I would like to parse the books of a library expressed in a format like this:
#Book title 1
Chapter 1
Chapter 2
#Book title 2
Chapter 1
Chapter 2
Chapter 3
As you can see, the titles of the boot are preceded by a # and the chapters of each book are the following lines. It should be rather easy to create a parser for this.
So far, I have this code (parsers + tokenizer):
void Main()
{
var tokenizer = new TokenizerBuilder<PrjToken>()
.Match(Superpower.Parsers.Character.EqualTo('#'), PrjToken.Hash)
.Match(Span.Regex("[^\r\n#:=-]*"), PrjToken.Text)
.Match(Span.WhiteSpace, PrjToken.WhiteSpace)
.Build();
var input = @"#Book 1
Chapter 1
Chapter 2
#Book 2
Chapter 1
Chapter 2
Chapter 3";
var library = MyParsers.Library.Parse(tokenizer.Tokenize(input));
}
public enum PrjToken
{
WhiteSpace,
Hash,
Text
}
public class Book
{
public string Title { get; }
public string[] Chapters { get; }
public Book(string title, string[] chapters)
{
Title = title;
Chapters = chapters;
}
}
public class Library
{
public Book[] Books { get; }
public Library(Book[] books)
{
Books = books;
}
}
public class MyParsers
{
public static readonly TokenListParser<PrjToken, string> Text = from text in Token.EqualTo(PrjToken.Text)
select text.ToStringValue();
public static readonly TokenListParser<PrjToken, Superpower.Model.Token<PrjToken>> Whitespace = from text in Token.EqualTo(PrjToken.WhiteSpace)
select text;
public static readonly TokenListParser<PrjToken, string> Title =
from hash in Token.EqualTo(PrjToken.Hash)
from text in Text
from wh in Whitespace
select text;
public static readonly TokenListParser<PrjToken, Book> Book =
from title in Title
from chapters in Text.ManyDelimitedBy(Whitespace)
select new Book(title, chapters);
public static readonly TokenListParser<PrjToken, Library> Library =
from books in Book.ManyDelimitedBy(Whitespace)
select new Library(books);
}
The above code is ready to run in .NET Fiddle on this link https://dotnetfiddle.net/3P5dAJ
Everything looks fine.
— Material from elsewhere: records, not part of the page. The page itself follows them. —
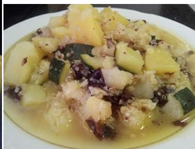
ingredientes= quinoa cocida 20', patatas, calabacín, alga dulce, cebolla, ajo, poco aceite de oliva, sal marina.
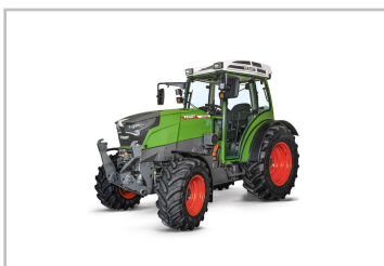
Fendt eVario 100.
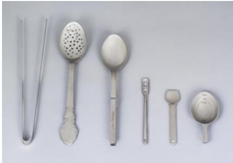
Cuartería EL BULLI COLLECTION, FACES FERRAN ADRIÀ 2004 Donación: Desing Mix Collection, 2006. MADB 138.433-138.438
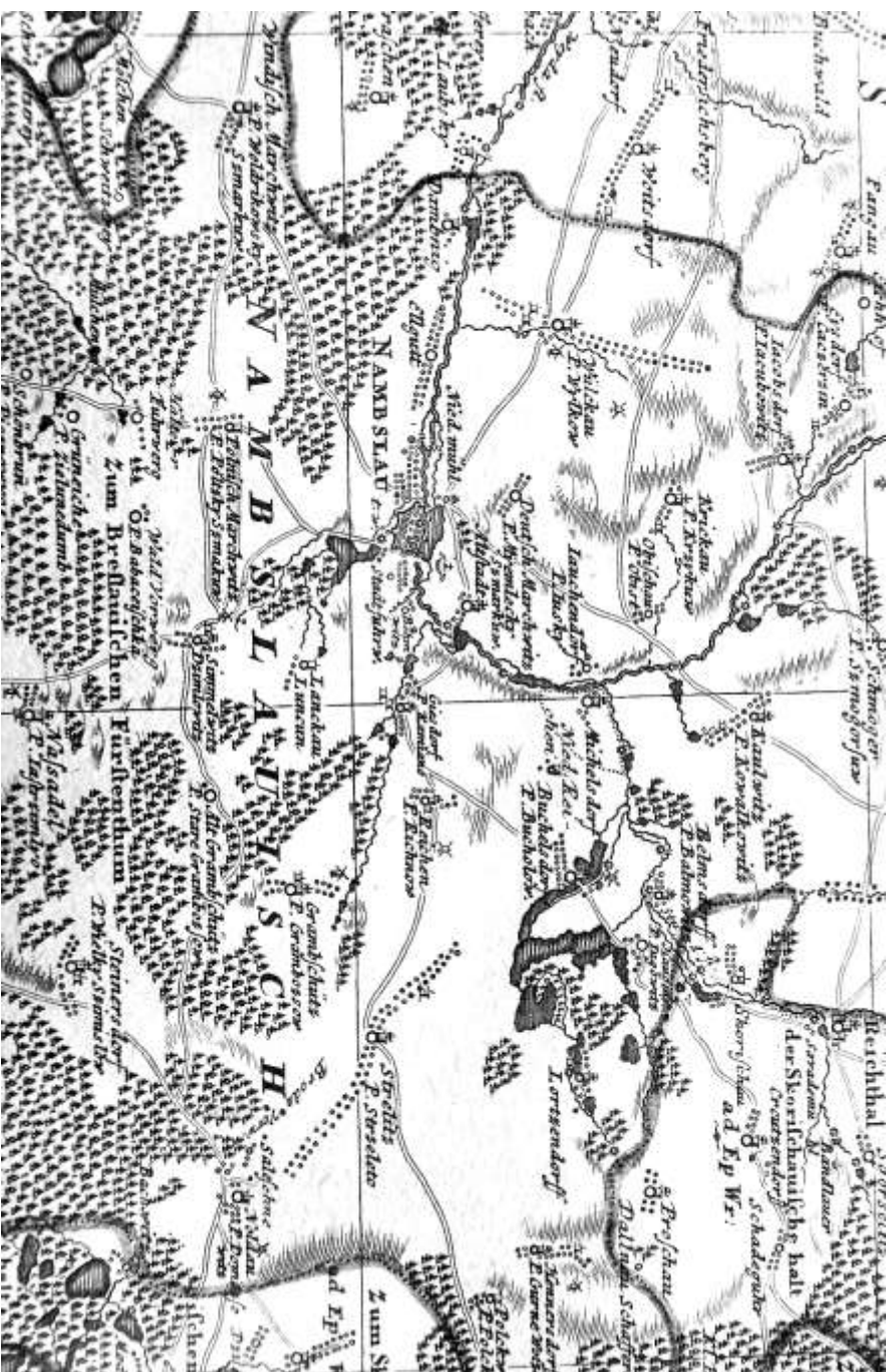
Districtu Namblaviensi in einer Karte von 1736
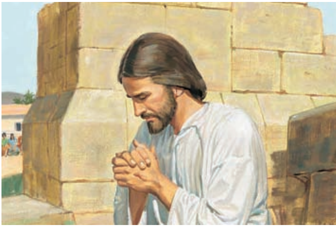
Gesù ringraziò il Padre celeste per aver dato lo Spirito Santo ai Suoi discepoli. Poi chiese che lo Spirito Santo fosse dato anche a chiunque avesse creduto alle parole dei discepoli. 3 Nefi 19:20-21
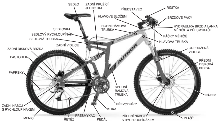
Obr. 6 Popis jednotlivých částí kola
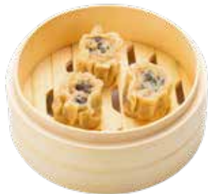
35 · SAUMAI DE POLLO Deliciosos saquitos rellenos de pollo con setas y cebollino alergènos: 1-6-9-11-14
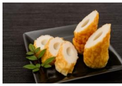
⑫防府観光物産協会
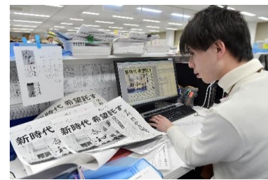
紙面レイアウト作成中
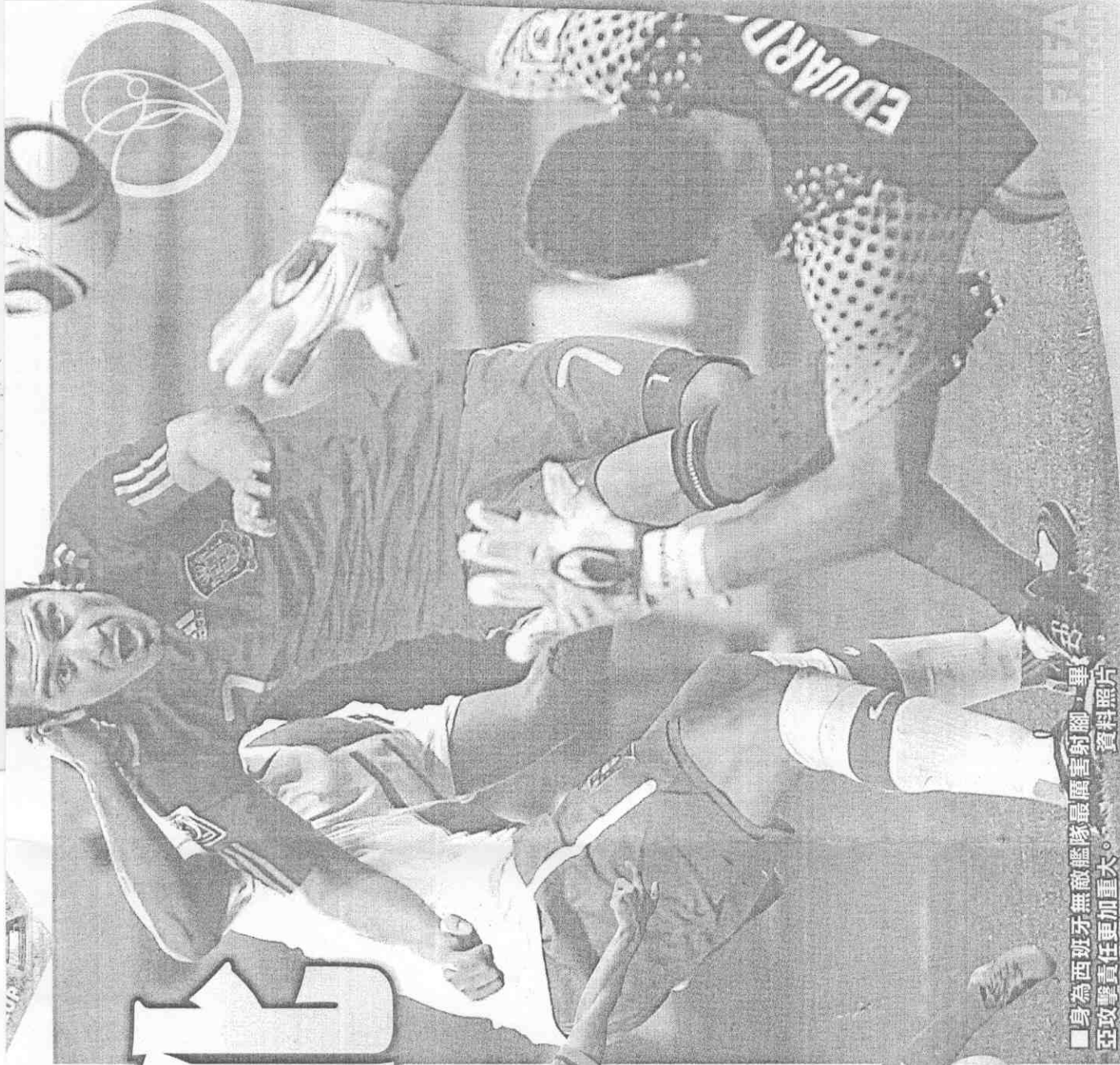
■身為西班牙無敵艦隊最厲害射腳，畢亞攻擊責任更加重大。
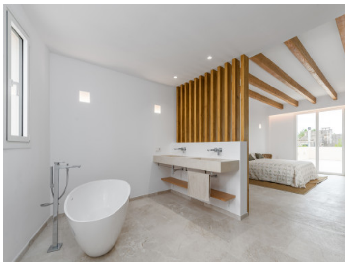
Mastersuit mit Badezimmer
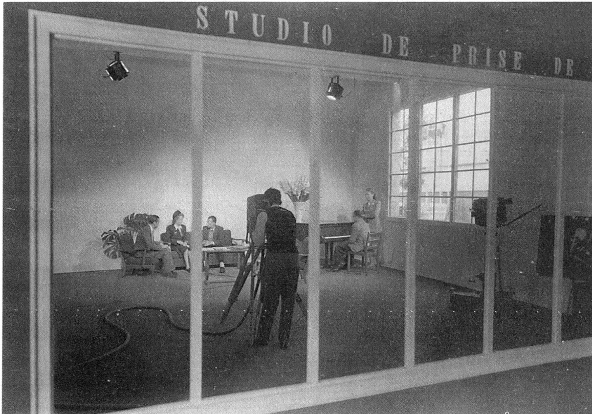
Essais et démonstrations de télévision à Lausanne, Comptoir suisse, Palais de Beaulieu, 1947

En janvier 1951, les premiers tests révèlent une mauvaise réception des ondes dues aux conditions géographiques particulières de la ville. Pour y remédier, le mât fabriqué par l'entreprise lausannoise Belet est rallongé jusqu'à trente-huit mètres 15 . Pesant quatre cents kilos, il se brise lors de l'installation sur le toit du bâtiment de la radio, début février. Les deux antennes (image et son) sont complètement détruites. Sur la base de plans envoyés par Philips, le professeur Julliard doit les reconstruire dans le plus bref délai. Le 17 février, l'installation est enfin terminée. Il ne reste alors plus qu'à régler les antennes de réception disséminées dans la ville et à terminer l'éclairage du studio.
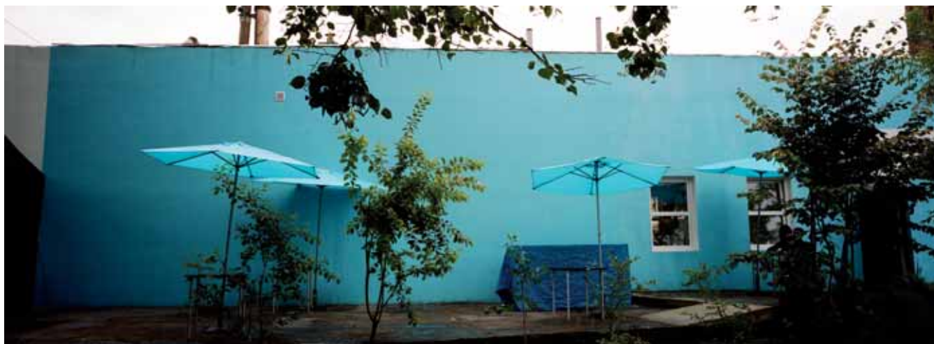
Ekobistro Papuamu, Zabłocie, Kraków Eco bistro Papuamu, Zabłocie district, Krakow
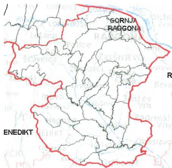
Slika 1: Območje Občine Gornja Radgona
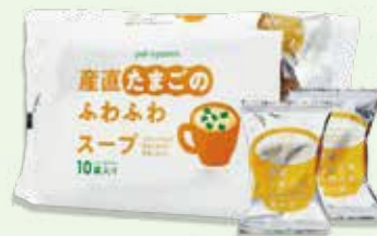
●産直たまごのふわふわスープ 7.5g×1個
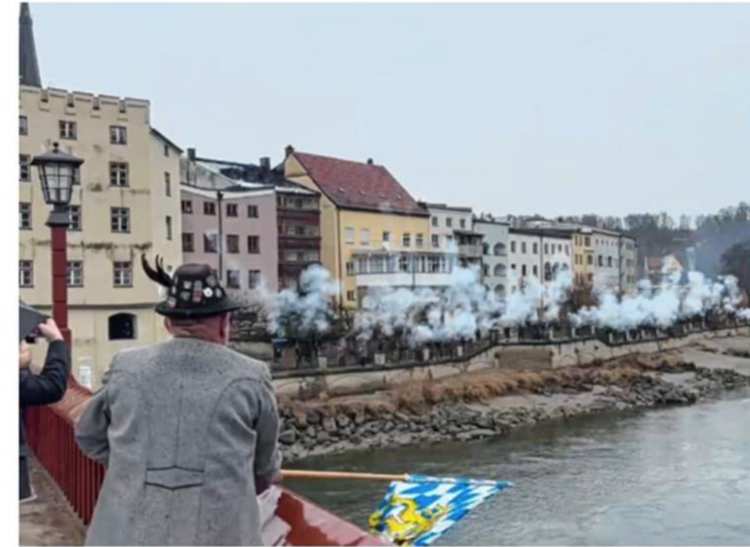
Vier Salven von 60 Böllerschützen gab es zum Auftakt der Feierlichkeiten zum Gründungsjubiläum. FOTO

Mit einem humorvollen Seitenhieb auf die Politik ließ schließlich Helmut
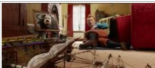
Ill.11. Les Aventures de Tintin, Le Secret de la Licorne , 9'42' © Steven Spielberg / Amblin entertainment, The Kennedy/Marshall Company, WingNut films

Chez Spielberg, le récit du combat joue sur d'autres procédés : Haddock, halluciné, s'est emparé non du sabre de son ancêtre mais d'un sabre de légionnaire. Il visualise d'abord Rackham le Rouge qui apparaît en contre-champ. Un nouveau contre-champ met en place le face à face avec le Chevalier de Haddock. Ensuite, pour une fraction de seconde, le Chevalier est masqué par deux marins ; lorsqu'ils s'écartent, le personnage qui apparaît est à nouveau le Capitaine : on voit en arrière-plan l'étagère du poste de Bagghar : pour un instant, les deux temporalités, celle du capitaine et celle du chevalier, cohabitent. La continuité du cinéma permet de ne pas scinder les chronologies : les fondus enchaînés et le morphing font coïncider, dans un même plan, le Grand Siècle et le petit vingtième.
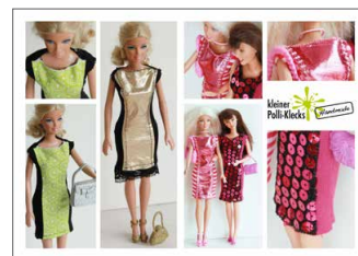
Puppenkleidung für die „schmalen Damen“
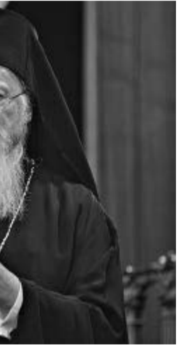
Цариградският патриарх Вартоломей

От многобройни публикации, както в българската, така и в турската преса става ясно, че на 12 февруари 1994 г. Вартоломей заявява на свещеник Константин Костов, че българската православна църква в Истанбул е напълно подвластна на гръцката патриаршия и във връзка с това му разпорежда занаяпред да издава кръщелни и венчални свидетелства на гръцки език предоставяйки му и образци. Това не е единственият опит за наме-

However, something is wrong with the parser because I'm getting this error:
Syntax error (line 4, column 1): unexpected hash
#
, expected text.
What's wrong with my parsers?
You can solve this by parsing the chapters as a separate list, where each chapter ends with the whitespace character:
public static readonly TokenListParser<PrjToken, string> Chapter =
from chapterName in Text
from wh in Whitespace
select chapterName;
public static readonly TokenListParser<PrjToken, Book> Book =
from title in Title
from chapters in Chapter.Many()
select new Book(title, chapters);
In essence I think that when Text.ManyDelimitedBy(Whitespace)
encounters the trailing whitespace (newline) at the end of Chapter 2
it will expect another instance of Chapter Name, not the start of a new book.
The parser cannot distinguish between the delimiter between Chapters
and the delimiter between Books
(both whitespace (newline)), and it will therefore expect another chapter, not the start of a new Book
.
By breaking up the parser of a Chapter into Text
followed by a Whitespace
token you have broken this ambiguity.
Since you now have swallowed the Whitespace
at the end of the chapter, each book is not delimited by a Whitespace
, and you have to change how the Book
parser works as well:
public static readonly TokenListParser<PrjToken, Book> Book =
from title in Title
from chapters in Chapter.Many()
select new Book(title, chapters);
In addition to this, if you want the file to be parsed without a newline at the end of the file, you also have to make the Whitespace
at the end of the Chapter
be optional:
public static readonly TokenListParser<PrjToken, string> Chapter =
from chapterName in Text
from wh in Whitespace.Optional()
select chapterName;
In the end we end up with (Complete parser):
public class MyParsers
{
public static readonly TokenListParser<PrjToken, string> Text = from text in Token.EqualTo(PrjToken.Text)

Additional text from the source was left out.